Annotation of the unigenes showed that the largest group annotated to the molecular function group (89.21%) (Table 2, S2 Fig). This result is different to those reported for S. oblata and C. praecox, probably because of use of different tissue samples; the transcriptomes analyzed in S. oblata and C. praecox were obtained from flowers [11, 16]. Our KEGG function annotation analysis showed that 13,953 unigenes participated in 322 metabolic pathways. The largest number of unigenes were involved in metabolic pathways, while those involved in biosynthesis of secondary metabolites were next most frequent. These data will be of value for future metabolic research in S. pohuashanensis. Overall, our sequencing of the S. pohuashanensis transcriptome has provided considerable information that will be of use to future studies on a range of practical applications of this species.

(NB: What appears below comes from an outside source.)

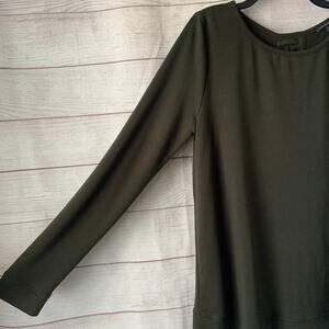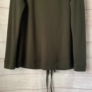 Olive green shirt with a lace-up back by Staccato. This shirt has a rounded neckline, long sleeves, and a grommeted lace up tie string back. It is pre-owned and in great condition.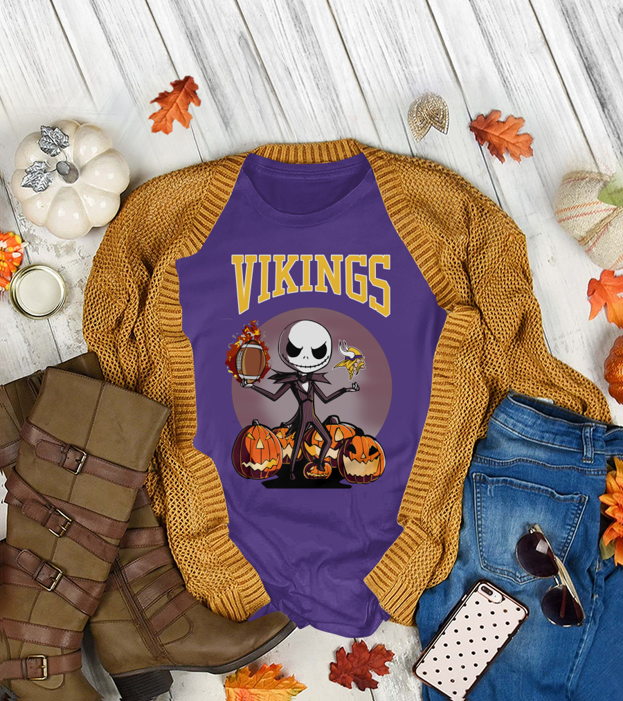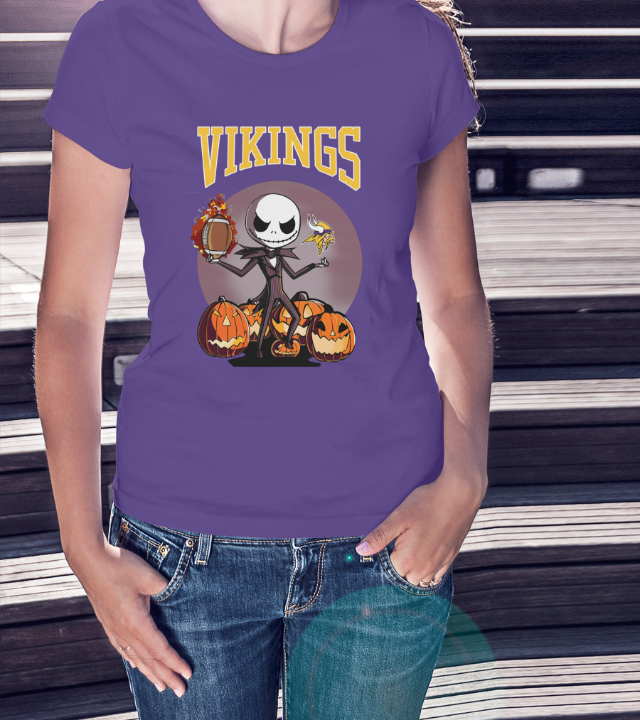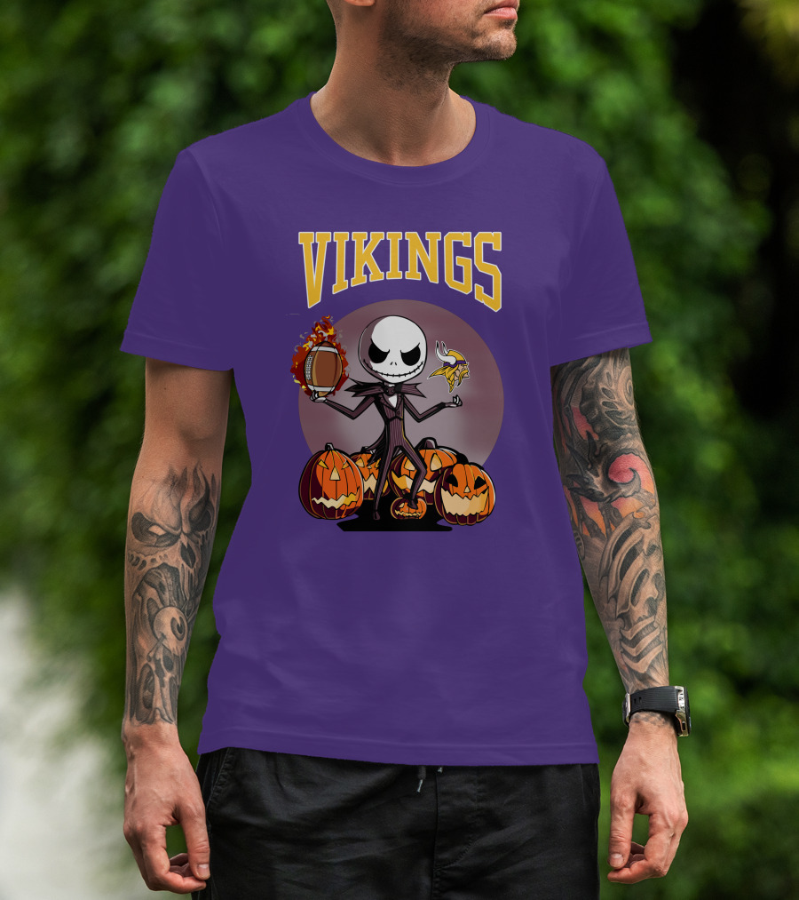 Vikings Jack Skellington Halloween Football Pumpkins T-Shirt

4.2 EST-SSR markers analysis of S. pohuashanensis

Based on their high rate of polymorphism, good reproducibility, and codominance, SSRs have been widely used for plant DNA fingerprinting, analysis of genetic diversity, gene mapping, and molecular marker-assisted breeding. However, the development of SSR marker primers is essential for their use [36, 37]. Simple sequence repeat markers for expressed sequence tags (ESTs) identify coding sequences and can be used to directly obtain information on gene expression as they are closely linked to functional genes. Additionally, the primers for SSRs have high transferability among related species. A large number of EST sequences have been identified from transcriptome data using high-throughput sequencing [38]. To improve research into genetic diversity and marker assisted selection, we can use transcriptome sequences to develop EST-SSR markers. In this study, we found 7,473 SSR sites in 6,604 of the 96,213 annotated unigenes, i.e., 7.77% of the unigenes, contained SSR sites (Table 4). This rate of SSR sites is higher than in E. ulmoides (6.54%) [12], Ginkgo biloba (5.97%) [39], S. suchowensis (5.4%) [15], and Jatropha carcas (6.51%) [40]. We also found that 5,839 unigenes contained only one SSR site, while 765 contained two or more sites (S6 File). On average, there was one SSR site every 9.1 kb DNA sequence (Table 4). These results suggested that the frequency of EST-SSRs in S. pohuashanensis was higher than E. ulmoides (one every 11.61 kb) [12], Populus spp. (one every 14 kb), and G. biloba (one every 12.02 kb) [39], but lower than Camellia sinensis (one every 3.68 kb) [41], Liriodindron tulipifera (one every 8.5 kb) [42], and Heveabra siliensis (one every 3.93 kb) [43].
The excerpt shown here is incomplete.